Versions are really important to identify your code, even if you are using already a version control system. Even if you are not planning new releases it’s fairly common to have updates with code. Consider following the Semantic Versioning convention, this scheme uses a 3 part version number,
MAJOR.MINOR.PATCH as in v1.3.0
- MAJOR changes when the updates will break previous behaviour, use “0” to indicate a code still under development
- MINOR changes when adding new functionality in a backwards compatible manner
- PATCH number when you make backwards compatible bug fixes.
In the example above we went from 1.2.3 to 1.3.0 as we added a new functionality without breaking existing behaviour.
If you are using GitHub, produce a release before publishing. While a commit url is a persistent indicator of a specific code snapshot, it is not easy to share, and commits message usually refer only to the last step.
Most of all it is important to be consistent and versions should always progress from lower to higher.
As for code even if you are not planning any new version of the dataset, you might change idea or need to extend or correct the data in the future.
Conventions around data versioning are still been developed. The ARDC provides some guidance.
Here are some suggestions to work a versioning strategy for a “stable” dataset
- Any change in the actual data should be accompanied by a new version.
- Changes to the metadata do not need a new version.
- Most often numbers or time stamps are used to identify versions, whichever approach you choose, it is important to be consistent. It is impossible for a user to work out which version is the latest if two versions are called v2.0 and v2020.

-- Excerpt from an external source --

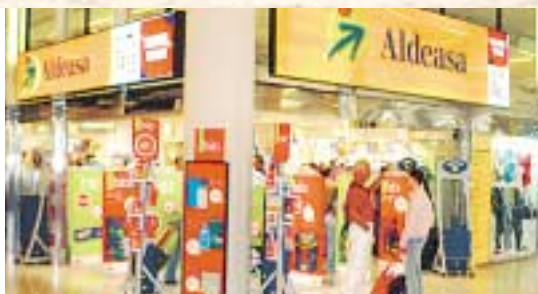
DUTY FREE Im Flughafen gibt es günstig Zigaretten, Spirituosen und Parfüm

Flughafen & Parken Die 10minütige Taxifahrt vom Strand in El Arenal zum Flughafen kostet rund 8 Euro. Hinzu kommen Zuschläge von bis zu 4,50 Euro. Wofür? Kann kein Fahrer erklären. Die Beton-Abflughalle gewinnt zwar keinen Schönheitspreis, ist aber geräumig und bietet viele Sitzplätze. Note: 2 Abflug & Abfertigung Vor jedem Eingang weisen Monitore den Weg zum richtigen Check-in-Schalter. Das Personal ist freundlich und spricht meist gut deutsch. Trotzdem kann der Check-in lange dauern: 20 Minuten sind normal. Dazu kommen bis zu 15 Minuten Wartezeit an der Sicherheitskontrolle. Für den Weg zum Abflugtor muß man weitere 10 Minuten einkalkulieren. Macht zusammen im ungünstigsten Fall 45 Minuten bis zum Flieger! Note: 4 Ankunft & Gepäck Zwischen Flieger und Gepäckbändern liegt meist ein Fußweg von bis zu acht Minuten. Das ist nicht weiter schlimm, denn das Gepäck braucht oft noch länger zum Gepäckband als die Passagiere. Wer Pech hat, wartet locker 25 Minuten auf seine Koffer. Note: 5 Essen & Trinken Essen sollte man besser vor der Fahrt zum Flughafen, denn die Preise sind so gepfeffert wie an deutschen Airports: Schinken-Sandwich ab 3,55 Euro, Tortilla 4,45 Euro, Frankfurter 3,80 Euro, Bulette 4,55 Euro. Kleiner Trost: Milchkaffee ist schon ab 1,20 Euro zu haben (Laden Frutos y Frutas).

Datasets which are continuously updated require particular attention. As a starting point you should apply the same versioning strategy used for a “stable” dataset. However, you also need to consider the following:
- The documentation should report how the dataset is updated and how frequently.
- It is better to add new files, if possible, rather than updating existing files.
- It is even more important to have a versioning strategy to distinguish between the constant change to the data, allowed as part of the same version, and what circumstances will warrant the creation of a new version.
- When the way the data is produced changes, then there should be a new version, even if the older data in the timeseries is not affected by the change in methodology.
As a DOI should always refer to exactly the same object there is not consensus on how to treat continuous data. Some of the common strategies are:
- Publishing the data at regular time intervals, i.e. every year. This is done at times delaying the data release, so the data is always covered by one DOI or updating the data continuously and leaving gaps in the DOI coverage. In both cases each new DOI will be reflected in a new version
- Publishing the DOI and updating the data continuously until a change in data production warrant the creation of a new version. Users are then required to add a timestamp indicating when the data was accessed in the dataset citation.
NB if you’re main data is stored on Zenodo adding or removing files will force a new version to be created.